▶ Work task:
Please retype the entries that follow exactly as they are, leaving the images behind.

▶ Records for processing:

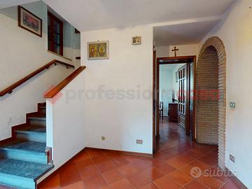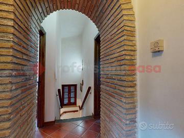 L'abitazione, mantenuta in ottime condizioni, si sviluppa su più livelli e offre ambienti ampi e luminosi. La zona giorno comprende un accogliente soggiorno con camino e una cucina abitabile, perfetta per la vita quotidiana. La zona notte è composta da quattro camere, ideali per famiglie numerose o per chi necessita di spazi aggiuntivi per studio o hobby, oltre a due bagni.
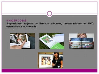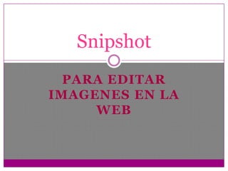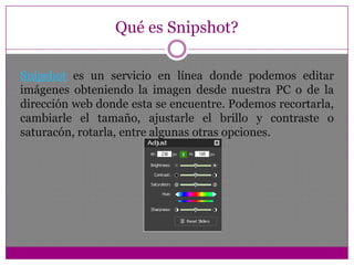 Snipshot es un servicio en línea para editar imágenes de forma sencilla sin necesidad de instalar software. Permite recortar, cambiar el tamaño, ajustar brillo y contraste u otros parámetros de imágenes subidas o en línea. Incluye una extensión de Firefox que agrega un menú para editar imágenes fácilmente. Flickr es un servicio para compartir y organizar fotos en línea de forma gratuita, permitiendo subir, editar, organizar en colecciones y compartir fotos de forma privada o pública.
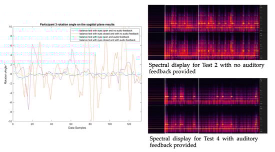 Figure 7 presents the spectrogram for Test 2 and Test 4, without and with auditory feedback, respectively. Without auditory feedback to inform the participant about their movement, the spectral display’s brightness is relatively continuous and uniform. This indicated that without auditory stimulus, the participant was unaware of the position relative to the reference region and hence did not elicit any change in their movement. Conversely, when auditory feedback was provided, bright and discrete flashes at specific intervals signified the bell tones triggered when the participant’s movement deviated from the sagittal plane’s reference region. These bell tones served as auditory cues, informing the participant of their movement’s misalignment with the desired range. The periodic appearance of these bright markers against the darker background of continuous frequencies demonstrates the feedback system’s functionality in alerting the participant through discrete auditory signals.
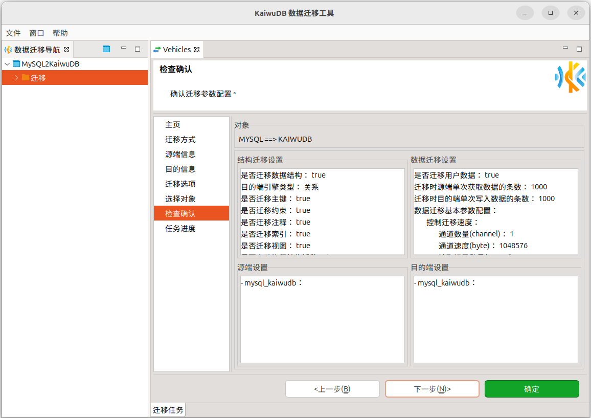 在检查确认页面,检查参数配置信息。配置无误后,点击确定按钮开始执行迁移。
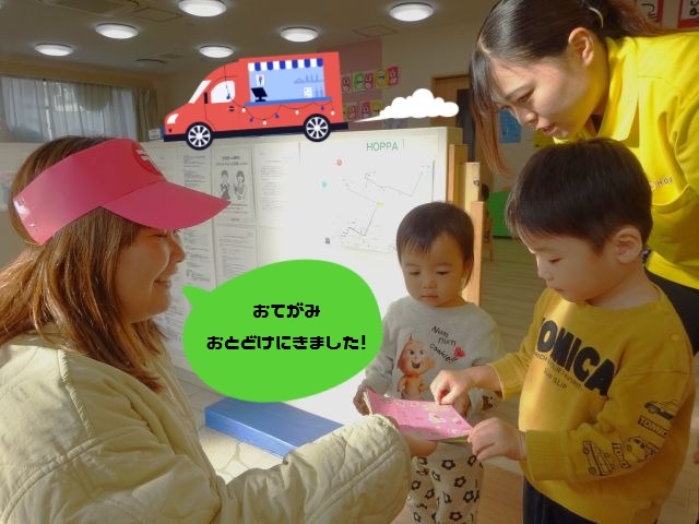 「HOPPA中広園の子どもたち宛にお手紙お届けに来ました!」と言われ、お当番の子どもたちが受け取りに来てくれました😁
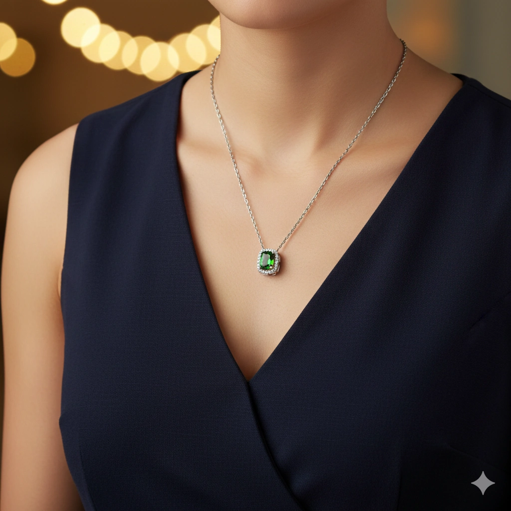 Подвеска из комбинированного золота с и хромдиопсидом — стильный аксессуар для торжественного случая и на каждый день. Комбинированное золото элегантно смотрится в любом образе, самостоятельно или в сочетании с другими изделиями. Наши цены удивят вас — всего 169 400 ₸ за изделие! Подвеска в обязательном порядке проходит опробование в Пробирной Палате РФ (585 проба). Есть сертификационная бирка.

▶ Reply to the task:
 L'abitazione, mantenuta in ottime condizioni, si sviluppa su più livelli e offre ambienti ampi e luminosi. La zona giorno comprende un accogliente soggiorno con camino e una cucina abitabile, perfetta per la vita quotidiana. La zona notte è composta da quattro camere, ideali per famiglie numerose o per chi necessita di spazi aggiuntivi per studio o hobby, oltre a due bagni.
 Snipshot es un servicio en línea para editar imágenes de forma sencilla sin necesidad de instalar software. Permite recortar, cambiar el tamaño, ajustar brillo y contraste u otros parámetros de imágenes subidas o en línea. Incluye una extensión de Firefox que agrega un menú para editar imágenes fácilmente. Flickr es un servicio para compartir y organizar fotos en línea de forma gratuita, permitiendo subir, editar, organizar en colecciones y compartir fotos de forma privada o pública.
 Figure 7 presents the spectrogram for Test 2 and Test 4, without and with auditory feedback, respectively. Without auditory feedback to inform the participant about their movement, the spectral display’s brightness is relatively continuous and uniform. This indicated that without auditory stimulus, the participant was unaware of the position relative to the reference region and hence did not elicit any change in their movement. Conversely, when auditory feedback was provided, bright and discrete flashes at specific intervals signified the bell tones triggered when the participant’s movement deviated from the sagittal plane’s reference region. These bell tones served as auditory cues, informing the participant of their movement’s misalignment with the desired range. The periodic appearance of these bright markers against the darker background of continuous frequencies demonstrates the feedback system’s functionality in alerting the participant through discrete auditory signals.
 在检查确认页面,检查参数配置信息。配置无误后,点击确定按钮开始执行迁移。
 「HOPPA中広園の子どもたち宛にお手紙お届けに来ました!」と言われ、お当番の子どもたちが受け取りに来てくれました😁
 Подвеска из комбинированного золота с и хромдиопсидом — стильный аксессуар для торжественного случая и на каждый день. Комбинированное золото элегантно смотрится в любом образе, самостоятельно или в сочетании с другими изделиями. Наши цены удивят вас — всего 169 400 ₸ за изделие! Подвеска в обязательном порядке проходит опробование в Пробирной Палате РФ (585 проба). Есть сертификационная бирка.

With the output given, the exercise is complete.